Filha de um grande professor e filósofo, Maria Clara Escobar se esparrama no existencialismo, ao abastecer os personagens de uma riqueza existencial plena, mundana, sem distinguir exterioridade e interioridade, mas assumindo uma integralidade, sem julgamentos e lembrando a todos que não podemos ser seres pré-determinados e alienados. Por isso, torna-se um equívoco tentar entender "Desterro" em uma lógica calcada apenas na história em si e seus encadeamentos, pois os encantos dessa obra reside nas sensações que desperta e provoca. Vale lembrar ainda o próprio questionamento acerca da vida e da morte, o que seria uma e outra e o que de uma contem a outra.
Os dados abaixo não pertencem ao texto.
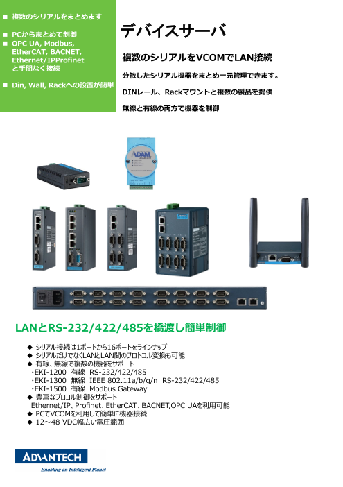LANとRS-232/422/485を橋渡し簡単に制御! ◆シリアル接続は1ポートから16ポートをラインナップ ◆シリアルだけでなくLANとLAN間のプロトコル変換も可能 ◆有線、無線で複数の機器をサポート ・EKI-1200有線RS-232/4...

Escobar deixa sempre uma dica de que as sensações construídas pelos personagens vão para além deles, basta pensar nas participações aparentemente fugidias das personagens de Grace Passô e Sara Antunes no metrô; de Rômulo Braga no ônibus; na mulher com um filho também no ônibus e por aí vai. Laura está no centro, mas nessa perspectiva, todos são protagonistas, já que todos estão presos pelos mesmos grilhões. Todos vivem uma rotina regida pelo automatismo.
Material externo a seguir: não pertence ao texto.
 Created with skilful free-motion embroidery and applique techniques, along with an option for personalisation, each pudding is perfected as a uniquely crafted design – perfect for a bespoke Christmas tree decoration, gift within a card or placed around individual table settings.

O sentimentos que impregnam "Desterro" são o do desemparo e o de não-pertencimento. Quando não nos sentimos parte de algo precisamos de uma utopia, isto é, criar um lugar imaginário e lúdico para se viver, mas a realidade é que ela não existe mais, o que restou foi a normalizar uma vida social opressiva e aprisionante. Ao entrar no ônibus para a Argentina, Laura sai do roteiro que lhe foi imposto pela vida social. Não creio ser a expressão de sua libertação, entretanto representa um ato desesperado e tardio de morrer livre, um soco no estômago na vida cômoda que nos é imposta desde que nascemos. Mais do que oferecer um final, Escobar nos oferece uma imagem simbólica, que pela força expressiva e sintética, muito me remeteu ao cinema de Andrei Tarkovski. O fogo, a casa e o casal. Uma imagem simples e poderosa, uma imagem nitidamente fermentada na cabeça da diretora, tal como gostava de fazer o mestre russo.
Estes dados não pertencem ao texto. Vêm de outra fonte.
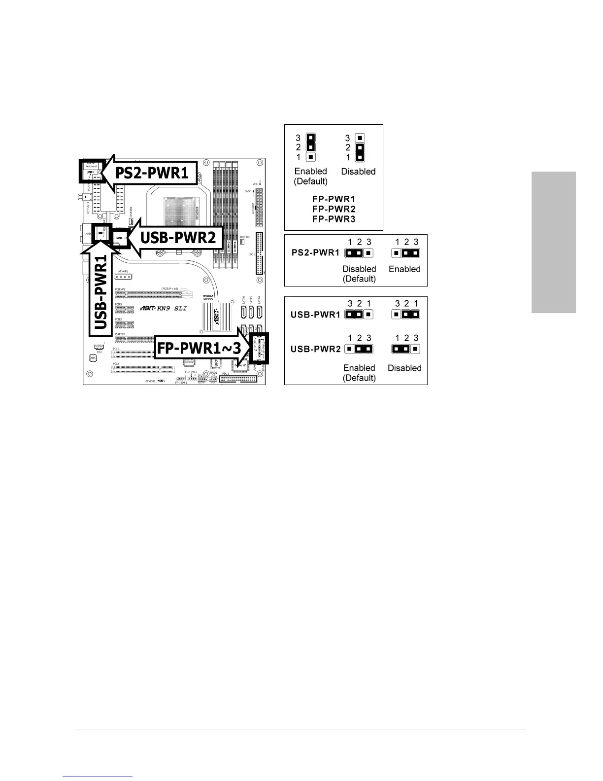Pin 2-3 shorted (Default): Enable wake-up function support at FP-USB2 port.

Em "Desterro", ser estrangeiro não é mais uma condição nacional, e sim existencial. Estar desterrado pode ser uma questão física, embora aqui Escobar trabalhe com uma ideia ampliada de desterro. Não importa estar na Argentina ou no Brasil, o ser mulher trará as obrigações de ser esposa, mãe, filha e trabalhadora. Esse "sentido" da vida assentado nas obrigações é que oprime e manifesta na vida prática uma falta de sentido. "Desterro" não pretende desfazer esses nós, apenas quer mostrar como é difícil vivê-los. Que bom que o cinema possa realizar obras que impactam sobre esses sentimentos.
Festival do Rio - Première Brasil 2020, em 12/08/2021.
É um filme que quanto mais pensamos sobre ele, mais gostamos das camadas de reflexão . O ônibus é locus desses discursos femininos potentes, com especial destaque para Zuaa e Bárbara Colen.